If you're living by 'the conventional standards of everyone else,' then don't come out at all, whether it be by speaking or writing. At any rate, according to both law and to history, the written word is much, much more powerful than the spoken.

You have trouble coming out because you have trouble coming out. Not because of any word. Words are just names given to concepts. This particular concept is one that you seem to have a problem with, which is funny- how can you expect others to be okay with it if YOU yourself aren't?

You seem to be fairly sure that you are homosexual. Why don't you say it to yourself? Say it. Maybe if you say it to yourself enough, you'll finally accept it. That's the most practical advice I can give.
 
Hey SLB,

Mate...stop. Breathe. Relax. Somehow this has all turned around on you to get you on the defensive... and thats not what its meant to be... You can here to ask for help... lets get back to that... there will always be people who see things differently and have different points of view... its what makes JUB the great place it is...doesn't mean anyone is wrong or right... just different.

For the longest time I was like you. The word Gay just resonated in my head for all the wrong reasons. It immediately made me think of the worst aspects of our lifestyle, the extremes, the stereotypes... the things that sometimes made normal tolerant people say things they might not normally. I think the media and society have used the word to describe us as group collectively - and usually negatively - so maybe thats why you pick up on it.

It doesn't matter that you don't like the word. Really it doesn't. I think in time you'll come to be ok with the word... you just need to here it in a different context a few times. Like when someone you love calls you gay in a loving way. Like a family member or friend. It'll take time... it did for me... but soon enough you'll reset your thinking so it means what you want it to mean for you...not everyone else.

What you should feel proud of - really proud of - is the fact that you want to tell your sister. That you want to be open and honest. That you want people to see who you really are so they can love all of you, not just part of you. Thats the important thing here... your courage and determination.

And sometimes through the acceptance of others we take another step in being able to publicly show what we feel inside. Not shame or embarrassment, but the ability to love, laugh, nurture and feel. We are different SLB, no doubt. But we are more alike than different, don't ever forget that. What makes you an amazing guy today will still be there tomorrow after your sister knows...

As to how to tell her... well... the paper thing does make it seem like you'll be ashamed of telling her even though your not. Its like you cant find any words to say so you have to write it down. Dont give her the impression that you cant describe yourself... it will be easy for her to misunderstand your actions. To me you have to find a way to say something...

What about...

" sisters name...., I want to be honest with you. I want to share a huge secret that I'm carrying. I want to tell you something that I've carried for too long and I want to do this because I love you and you mean so much to me. I need to be open with you and I need you to love me for who I am. I've known all my life but I've never been able to tell you because I have been scared ...for all sorts of reasons... but now I want to ... need to... let you know who I really am.

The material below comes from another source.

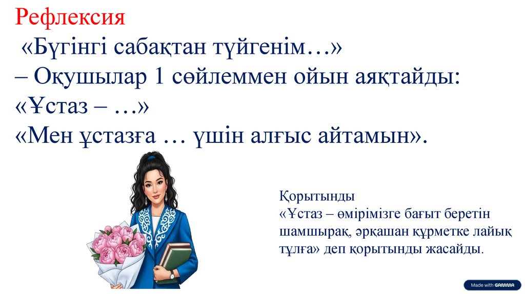 Рефлексия«Бүгінгі сабақтан түйгенім…»

sisters name...., this isnt the easist thing to say. In fact its the hardest thing I've ever had to say in my life... but... I like guys. I hope you understand... I just need you to know"

Dunno... but you can just say that you like guys, that you love guys, that guys do it for you, that you are attracted to guys... there are lots of ways SLB... just find one that you are comfortable with. Just find some words though...

You'll be fine mate... she'll see you for who you are...not the words you use. We all do!!!! Good luck buddy...let us know how you get on!!!
 
Strangelittleboy.

Do you care what a bunch of strangers say about you? I hope not. Do what you feel your comfortable doing and don't let anybody try to make you think otherwise.

Good luck to you!
 
I agree with you. I hate saying that "I'm gay" similar to what you said.

I instead spin it to make it a positive by saying, "I love the cock". Doesn't that sound much better?